REASONS FOR AND BENEFITS OF THE ACQUISITION AND THE [MCDONALD's] FRANCHISE

CITIC is China’s largest conglomerate operating domestically and overseas,
with businesses in financial services, resources and energy, manufacturing,
engineering contracting and real estate as well as others. CITIC is a
constituent of the Hang Seng Index . China’s consumer sector is growing
rapidly, benefiting from continued urbanization, an expanding middle class and
increasing disposable household incomes. China’s working population is larger
than those of the US and Europe combined, yet spending levels of China’s
middle class are a small fraction of those in more developed countries. As
disposable incomes rise, people will continue to spend more on leisure and on
dining out, and there is particularly great growth potential in tier 3 and 4
cities. As such, the market for Western Quick Service Restaurants is expected
to continue to grow rapidly. This investment offers a chance to deepen CITIC’s
exposure to the consumer sector, which is poised to be the main driver of
China’s economy for decades to come. This transaction is also another step in
CITIC’s efforts to better balance the financial and non-financial businesses.
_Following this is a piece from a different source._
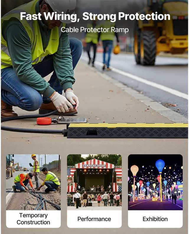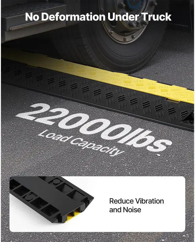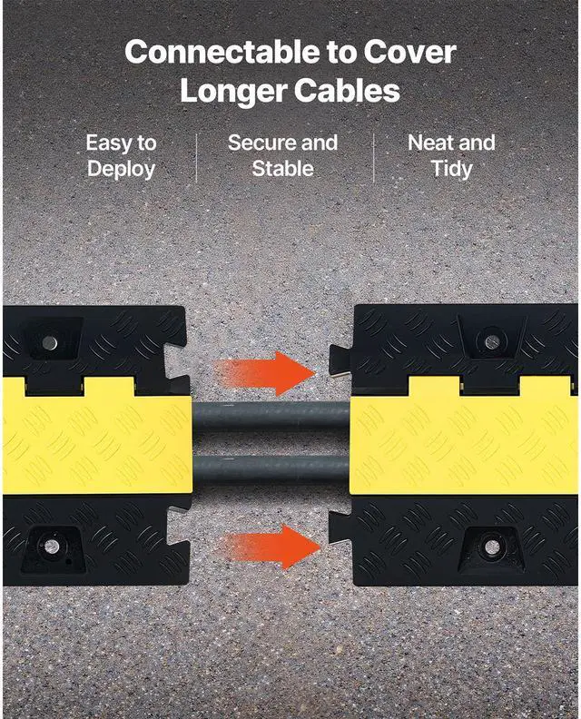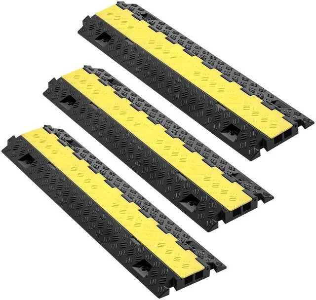 VEVOR Cable Protector Ramp, 22,000 lbs/axle Capacity, 2 Channel Heavy Duty TPU Cord Hose Wire Cover, 1.2 x 1.1 in Channel, Traffic Speed Bump with Flip-Open Top Cover, for Indoor Outdoor Use, 3 Pack

CITIC sees opportunities for synergies with its existing businesses.
McDonald’s extensive network and consumer base will provide CITIC with
invaluable insight, which CITIC will leverage to the benefit of its existing
businesses.

[...]

[http://www.hkexnews.hk/listedco/listconews/sehk/2017/0109/LT...](http://www.hkexnews.hk/listedco/listconews/sehk/2017/0109/LTN20170109129.pdf)

------
modells
Happy Donuts in Palo Alto and Safeway in Menlo Park and Mountain View on El
Camino have a similar phenomenon but it’s usually only students whom have a
place but sleep while studying.

There are many more homeless people whom have no options for housing or
refused Section 8, and so seek shelter during heat of summer days or less
frequent cold winter nights.

There must a nonzero fraction of thousands whom consciously choose to be
leather tramps and live rough... not all homeless people are in unfortunate
circumstances, crazy, on drugs, criminals, peter pan’s or defective. You’re
reading from a rubber tramp right now. :)

------
phobosdeimos
I guess HK has no social housing? The free market has no ethics or compassion
so the government has to make rules.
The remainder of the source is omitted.